Ahí reside el verdadero problema del diferencial energético de los tres nacionalismos: el españolista, frente al vasquismo y al catalanismo, ha fracasado en la activación de este proceso y la Guerra Civil y la Segunda República lo único que demuestran es que la burguesía española es una clase políticamente inexistente que además ni ha sabido crear un Estado-nación ni ha sabido nacionalizar a las masas que económicamente dependían de ella, pero a las que políticamente no ha conseguido adiestrar, pues en el fondo toda la Historia no es otra cosa que el despliegue de la sabiduría y astucia con que las clases dominantes amaestran, disciplinan y subordinan a las dominadas.

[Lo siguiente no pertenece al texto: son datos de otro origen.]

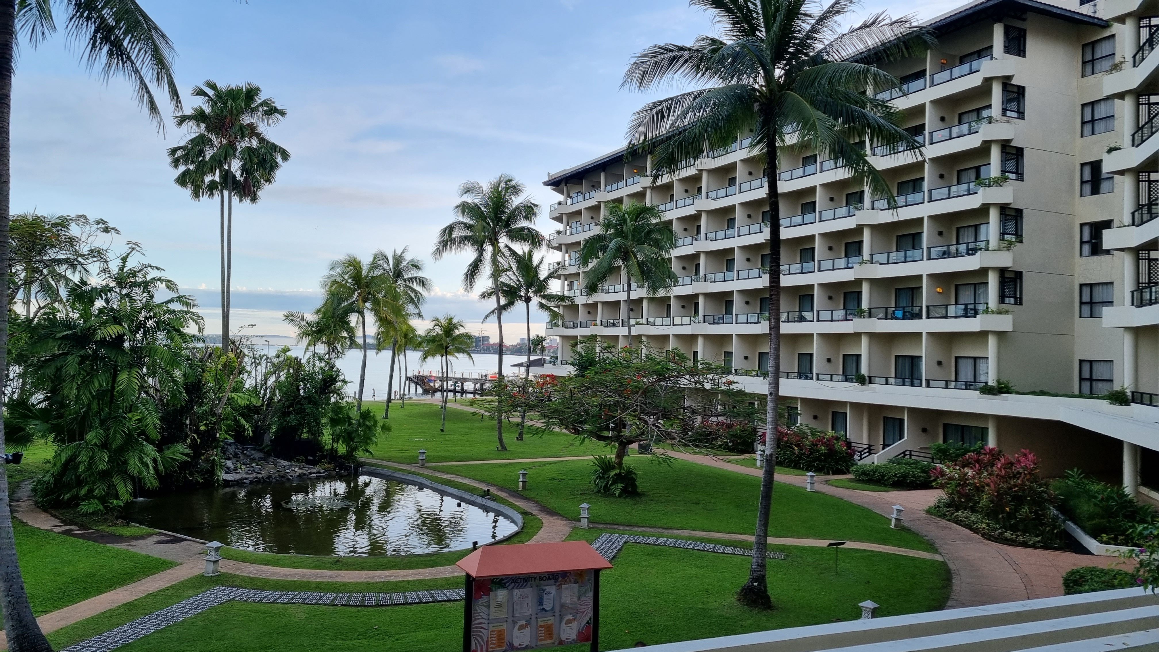호텔 뒷쪽으로 보이는 코타키나발루의 모습입니다 울창한 밀림과 멀리 산들이 펼쳐져있죠. 흔히말하는 앞쪽은 오션뷰이고 뒤쪽은 마운틴뷰이죠. 사정이 있어서 마지막날 급작스레 레이트체크아웃을 하게 되었는데 2층에 숲을 바라보는쪽도 썩 나쁘진 않더군요.

Este amaestramiento tiene muchos nombres y manifestaciones de superficie: desde el estándar lingüístico reconocido como normativo, hasta las formas de indumentaria, cortesía o tratamiento, pasando por los modales, el sentido del gusto, la educación, la instrucción, hasta llegar a las formas más refinadas de goce y ocio…
El marco moderno del Estado-nación pasó de largo aquí en este perpetuamente desolado páramo y nadie (salvo Ortega y eso por su formación alemana y su gran intuición para identificar, que no resolver, los problemas) se ha dado cuenta de que lo que ha permanecido incólume a lo largo de estos cinco siglos de Historia española moderna es una mezcla heterogénea de localismos, compartimentos estancos de grupos, aislamientos regionales y pueblerinos, egocentrismos ciegos de clase, desorganización administrativa inverosímil.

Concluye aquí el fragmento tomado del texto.